The reply must repeat the listing below exactly and carry none of its pictures.

THE DATA:
______________________________

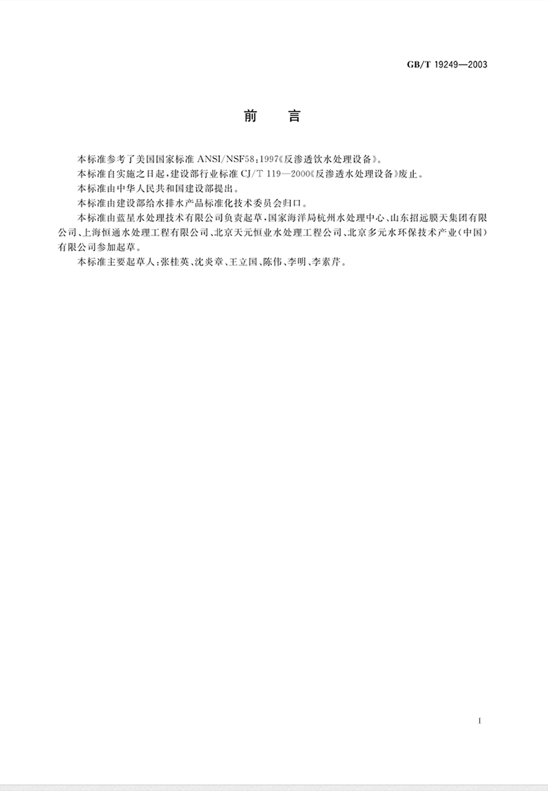 本标准编制过程中,参照采用了美国国家标准ANSI/NSF58:1997《反渗透饮水处理设备》。
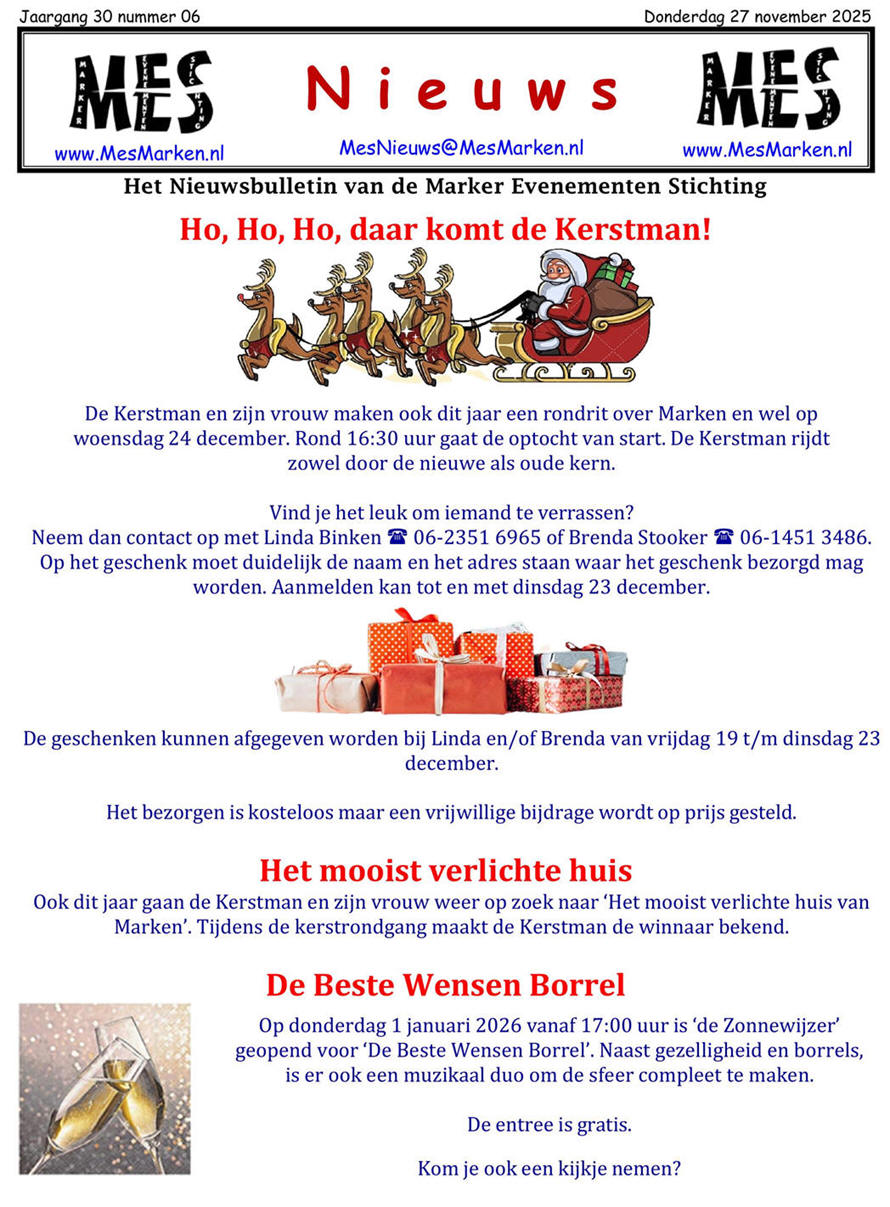 Het bestuur van de Marker Evenementen Stichting en de redactie van www.MesMarken.nl & www.MarkerNieuws.com wensen U een Gelukkig Nieuwjaar. |
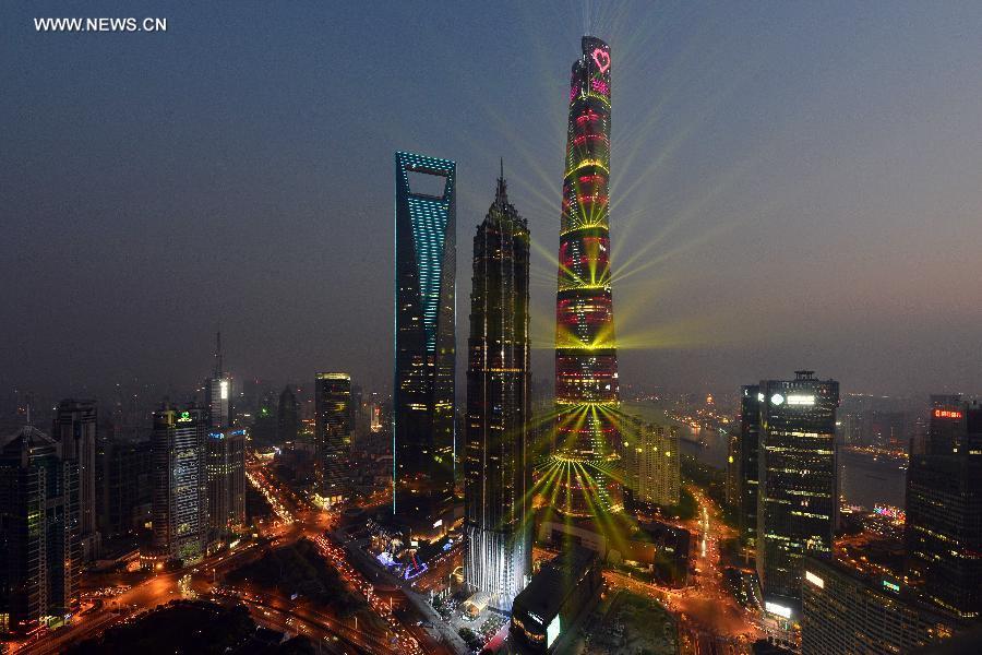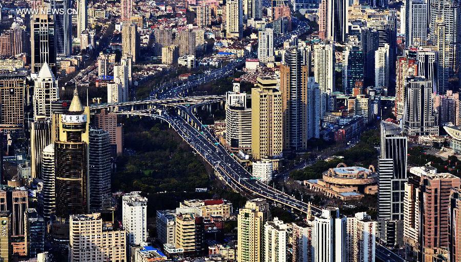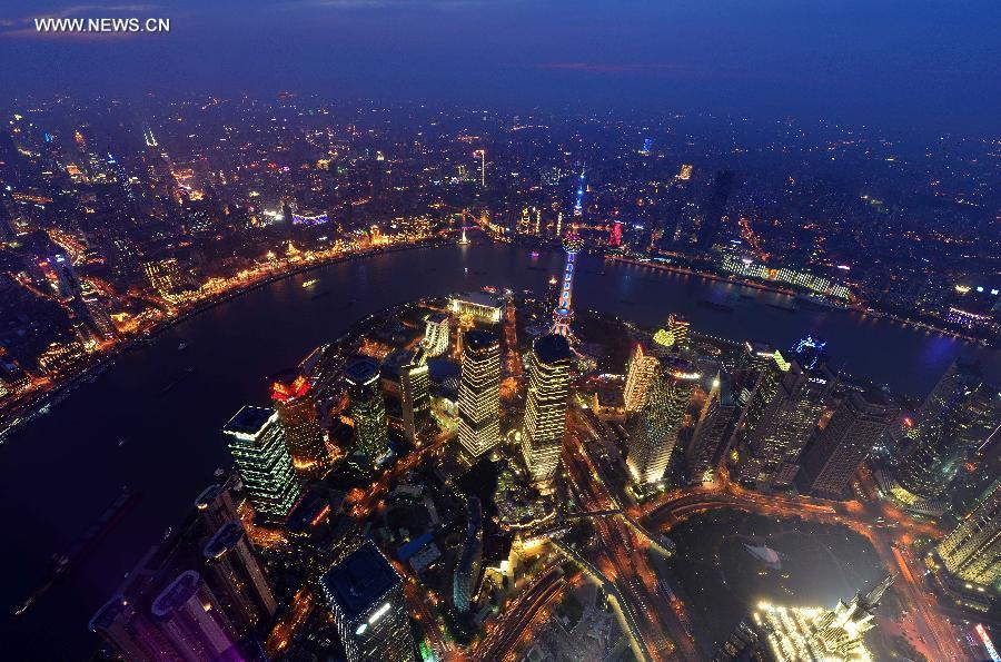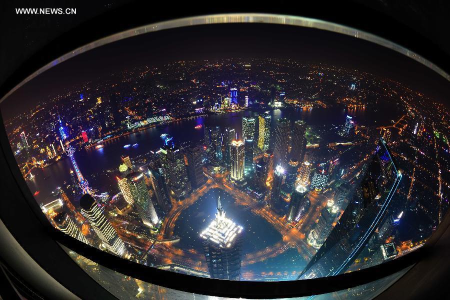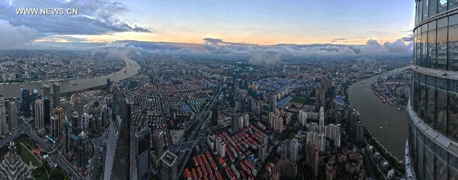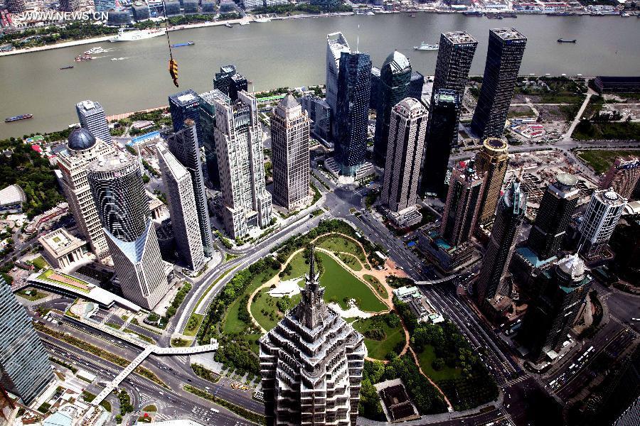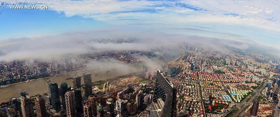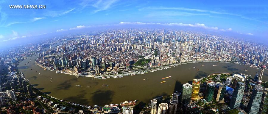 Photo taken from Shanghai Tower on Sept. 2, 2013 shows a view of downtown Shanghai, east China. Shanghai Tower, a megamall skyscraper under construction, stands approximately 632 meters high and has 128 stories, with a total floor area of 380,000 square meters. It's projected to open to the public in mid-2015. (Xinhua/Huang Weiguo)

______________________________

RESULT FOR THIS EXERCISE:
 本标准编制过程中,参照采用了美国国家标准ANSI/NSF58:1997《反渗透饮水处理设备》。
 Het bestuur van de Marker Evenementen Stichting en de redactie van www.MesMarken.nl & www.MarkerNieuws.com wensen U een Gelukkig Nieuwjaar. |
 Photo taken from Shanghai Tower on Sept. 2, 2013 shows a view of downtown Shanghai, east China. Shanghai Tower, a megamall skyscraper under construction, stands approximately 632 meters high and has 128 stories, with a total floor area of 380,000 square meters. It's projected to open to the public in mid-2015. (Xinhua/Huang Weiguo)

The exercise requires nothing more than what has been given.